Racchette e cognac
Quando il tennis era un mondo libero e si ascoltava il suono della palla sulle corde. Il libro di Matteo Codignola
Umilmente confessiamo che finora la nostra conoscenza in materia di tennis ammontava alla scena di “Delitto per delitto” dove Hitchcock inquadra il pubblico che segue la pallina, sguardo a destra sguardo a sinistra. Un sol uomo resta immobile, gli occhi fissi su Farley Granger che si prepara a bordo campo, spaventatissimo. Il tennista, afflitto da una consorte che gli negava il divorzio, era stato avvicinato dallo sconosciuto con una proposta. Io uccido tua moglie, tu ammazzi il mio dispotico genitore: non avendo movente, scamperemo la galera. Lo sconosciuto aveva fatto la sua parte, toccava al tennista rendere il favore.
Pochino, per affrontare la lettura di “Vite brevi di tennisti eminenti” (Adelphi). Eravamo però ferrati sull’altro versante: i saggi – ma forse sarebbe meglio dire “essai”, alla maniera di Montaigne – che maturano da un’ossessione personale. E la raccontano di sponda. In questo caso, partendo da un mucchietto di fotografie ritrovate da Matteo Codignola nella valigia di un collezionista. Immagini di tennisti anni Cinquanta, punto di partenza per altrettante storie da ricostruire frugando tra archivi e giornali. Quando il tennis non era ancora entrato nella fase adulta e professionale che conosciamo oggi. Quando le conferenze stampa e le vite dei campioni svoltavano verso lo spettacolo d’arte varia, affascinante quanto le partite.
Torben Ulrich
Racconta Matteo Codignola, tennista in proprio e maniacale conoscitore di ogni risvolto del magnifico sport, che alla prima edizione di Wimbledon, anno 1877, parteciparono 22 giocatori “con un outfit vagamente ispirato al cricket, una racchetta personalizzata, e una concezione delle regole, o perfino delle finalità del gioco, del tutto idiosincratica”. Da qui discendono tennisti come Torben Ulrich, fissato con il suono perfetto della palla sulle corde.
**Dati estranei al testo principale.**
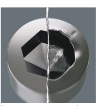
Hexagon screws can endure a problem because the contact surfaces delivering the power from the conventional tool, is transferred to the screw via very small surface areas. The consequence: the screw can become damaged (rounding out). Hex-Plus tools have a greater contact surface that prevents this from happening! At the same time, as much as 20 % more torque can be applied. Good to know: Hex-Plus tools fit into every standard hexagon socket screw!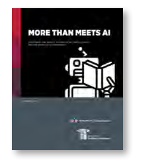
More Than Meets AI: Assessing the Impact of Artificial Intelligence on the Work of Government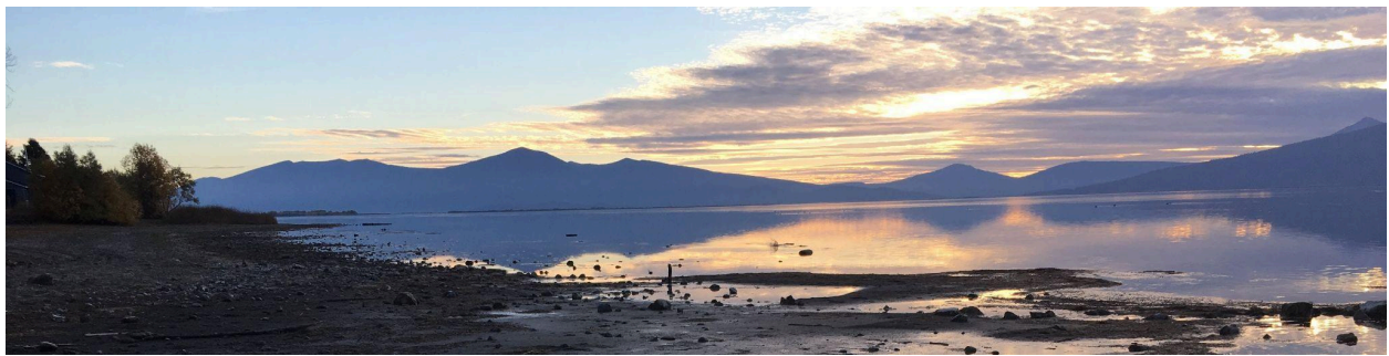
Along the banks of Agency Lake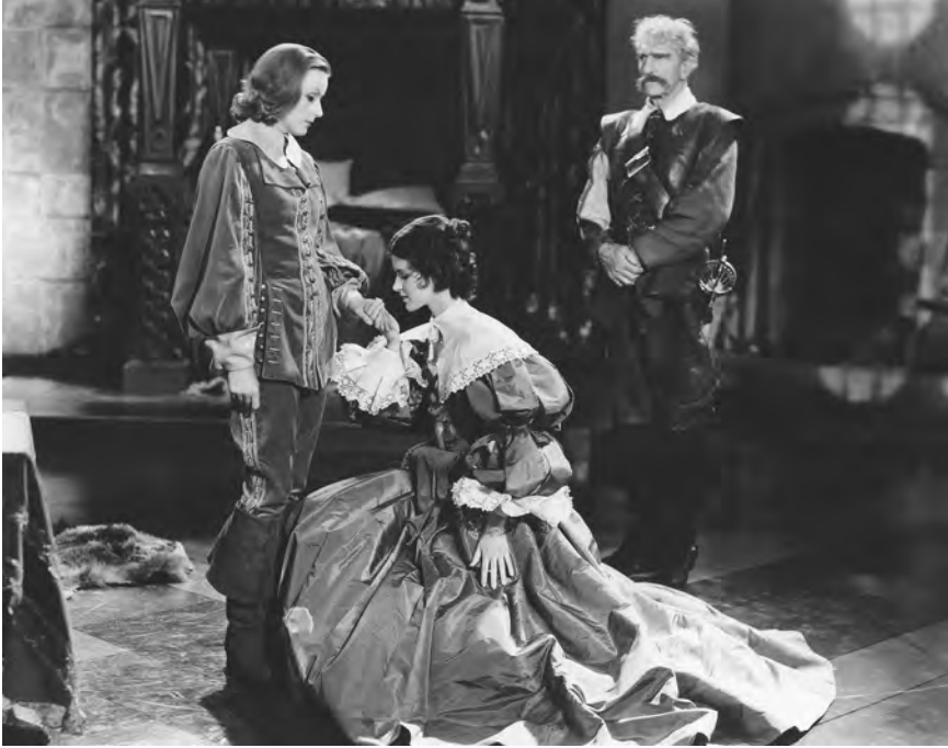
Greta Garbo in Queen Christina (1933) wears men's clothing and has intimate relations with both men and women. Is she meant to be heterosexual, homosexual, or transgendered?

movies. Along with films about underworld violence and prostitutes, pannies and their lesbian counterparts were called upon to titillate customers. The Sign of the Cross , like most of DeMille's biblical epics, also hid its exploitative sexuality behind a mask of Christian piety—such “evil” things had to be shown so that they could be condemned (or so the argument went). Morocco , Queen Christina , and The Sign of the Cross were all major box-office hits, and studios were poised to feature more and more representations of queer sexualities. In the musical Wonder Bar (1934), for example, a man interrupts a “heterosexual” couple on the dance floor, asks if he can cut in, and then dances off with the man. Female couples in various stages of intimacy are also seen in the background of various nightclub scenes in films such as Grand Hotel (1932), Cavalcade (1933), and Going Hollywood (1933). Importantly, such scenes no longer relied on gender inversion to hint at their characters' homosexuality; instead, they were beginning to show actual representations of same-sex desire and intimacy.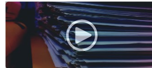
Cost & Management Accounting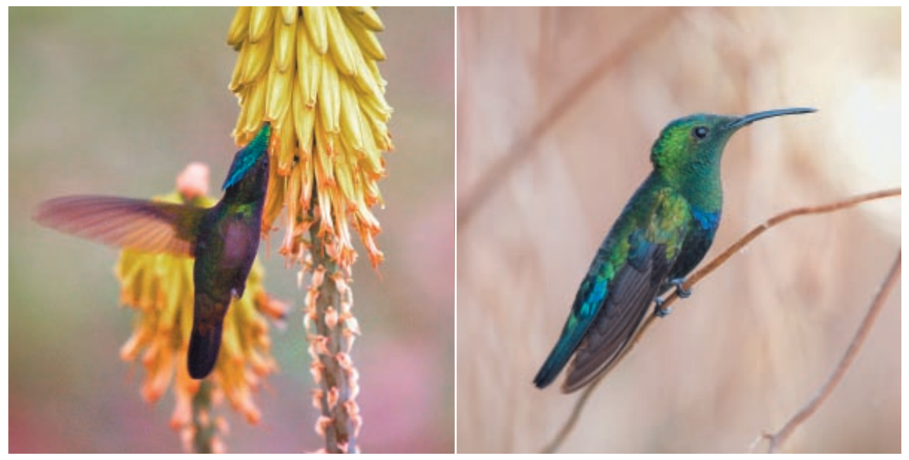
Antillean Crested Hummingbird and Green-throated Carib—two of Statia's restricted-range birds.

the Boven sub-sector, while legally protected is currently the subject of a land dispute and is unmanaged.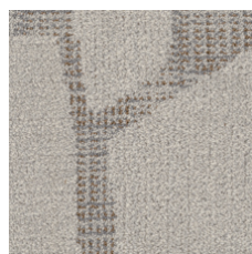
Listen 05100 LRV 31 | L* 62.52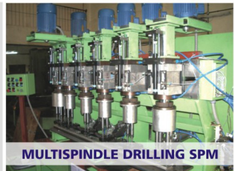
MULTISPINDLE DRILLING SPM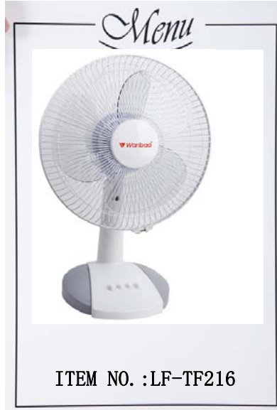
16inch Table fan

Motor size:66*66*14 Color:Any Voltage/Frequency:AC 110~240V/50~60Hz Blades material:3/4/5 Blades (PP/ABS) Switch:3 Speed Blade holder:Mesh plate RPM/Min:1200/1100/1000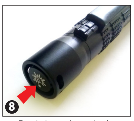
Turn the laser on by pressing the the button on the tail cap.

Pair the Bluetooth adapter with your smartphone device then run the EVO laser app.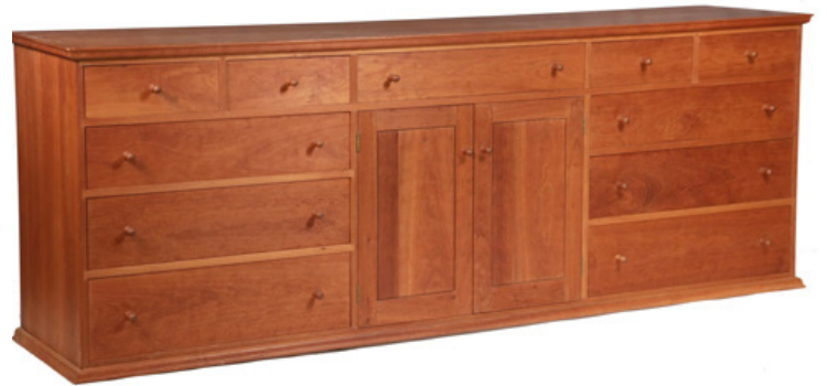
Lot 1250 - Custom Made Solid Cherry Cabinet by Maine Craftsman Thomas Moser. 32" x 88 3/4" x 19 3/4" - 1 of 5 lots of Thomas Moser furniture being offered. est. $4000 - $5000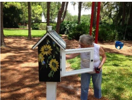
ELCL Friends’ “Little Free Libraries” throughout the community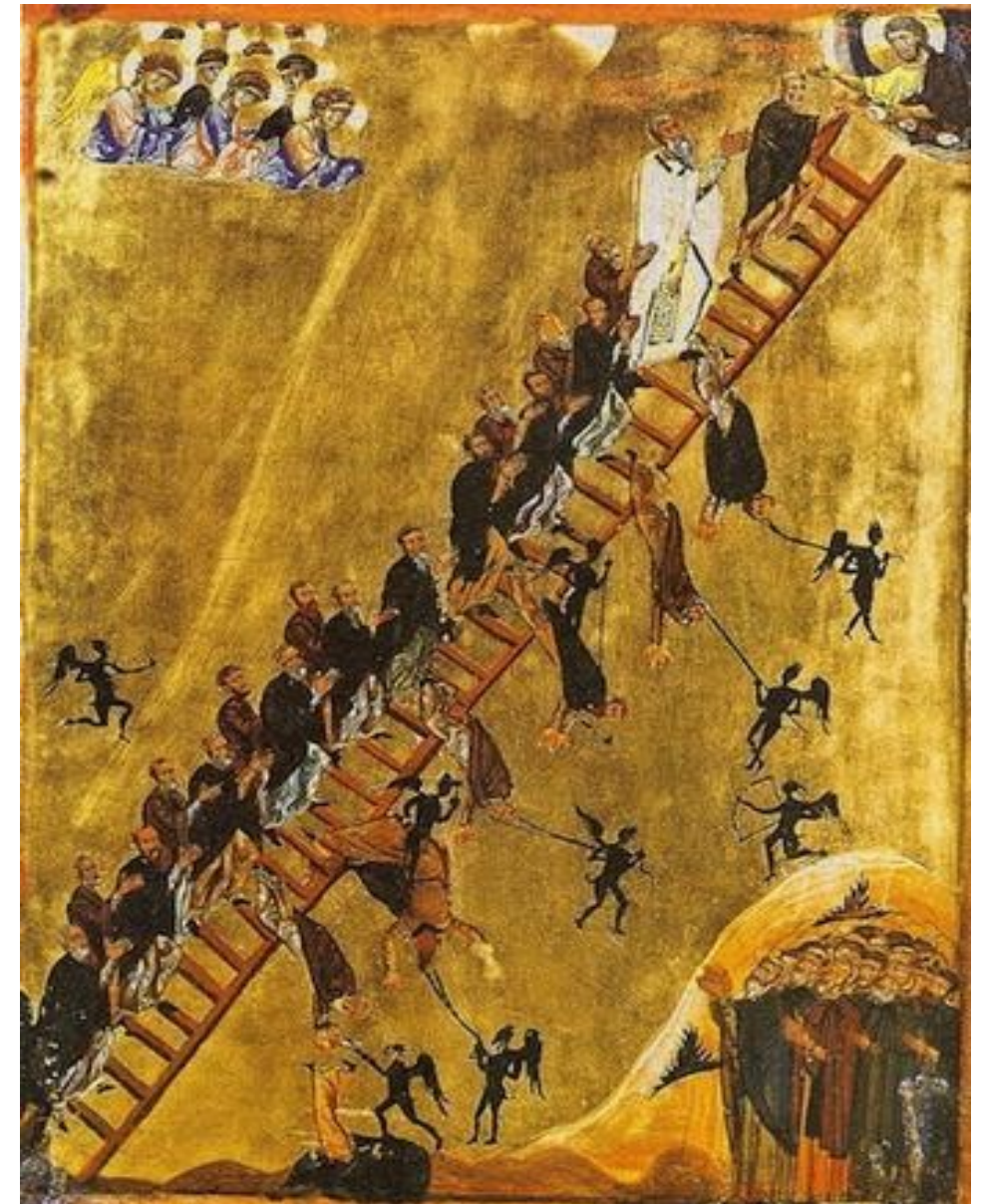
LADDER OF DIVINE ASCENT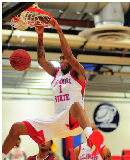
first four weeks and each of the last three weeks.

Gray is tops in the MEAC in six statistical categories, ranking in the top 14 among all Div. I players in each. He is second in the nation in total rebounds (243), sixth in double-doubles (12), 10th in blocks per game (3.0) and 14th in total blocks (57).

O giocatrici come Suzanne Lenglen: al cambio campo beveva cognac dalla fiaschetta d’argento e girava accompagnata da mamma e papà, ossessionato più della figlia dal match perfetto. Oppure, per fare un nome che ricorda qualcosa anche a chi conosce Roger Federer solo per via di David Foster Wallace “Il tennis come esperienza religiosa”, Ilie Nastase. A uno spettatore che, stufo dei fuori programma sotto forma di monologhi, lo accusava di “faire du cinéma”, il tennista rumeno piccato precisò: “Je fais du théâtre”.
Suzanne Lenglen
Ogni fotografia d’epoca ha la sua ricca didascalia, e ogni dettaglio è impreziosito da divagazioni alla Tristram Shandy. Una è dedicata alla colazione dei campioni, che farebbe stramazzare i nutrizionisti d’oggi. Bistecche tre volte al giorno, se non erano spaghetti-patatine-uova strapazzate in quantità, annaffiate da birra e succo d’arancia (a mezzogiorno, poi sei ore di tennis e a cena il bis). Un altro divorava tutto quel che che gli mettevano davanti, i pasti erano apparecchiati in un locale separato per tenere lontani i curiosi.
Altra divagazione, sulle fotografie: gli scatti Muybridge, che scompongono il movimento, e gli scatti Lartigue, che mostrano i tennisti con i piedi staccati da terra. Osservazioni tecniche, match mandati a memoria, “Vesciche eccetera”, sconfinamenti a Hollywood, scandali e isterie. Inframmezzati da gustosi siparietti autobiografici che si intrecciano con “la passion predominante”. Matteo Codignola ricorda quando da piccolo, vestito elegante e con l’inseparabile Pinocchio di gomma fu presentato a Ludwig Binswanger (Codignola padre lavorava nella clinica svizzera fondata dallo psichiatra). Il luminare aveva scritto un saggio intitolato “Tre forme di esistenza mancata-Esaltazione fissata, stramberia, manierismo”: l’occasione per chiedersi se la vita dei tennisti, o magari degli appassionati di tennis, rientra in quel modello. (La risposta, nel caso ve lo stiate chiedendo, è un deciso “no”). Matteo Codignola confessa di aver pensato, di sfuggita, a questo libro come un tentativo di liberarsi dal vizio. “Vite brevi di tennisti eminenti” riesce solo a contagiare il lettore, che vorrebbe altre storie di palline e di racchette.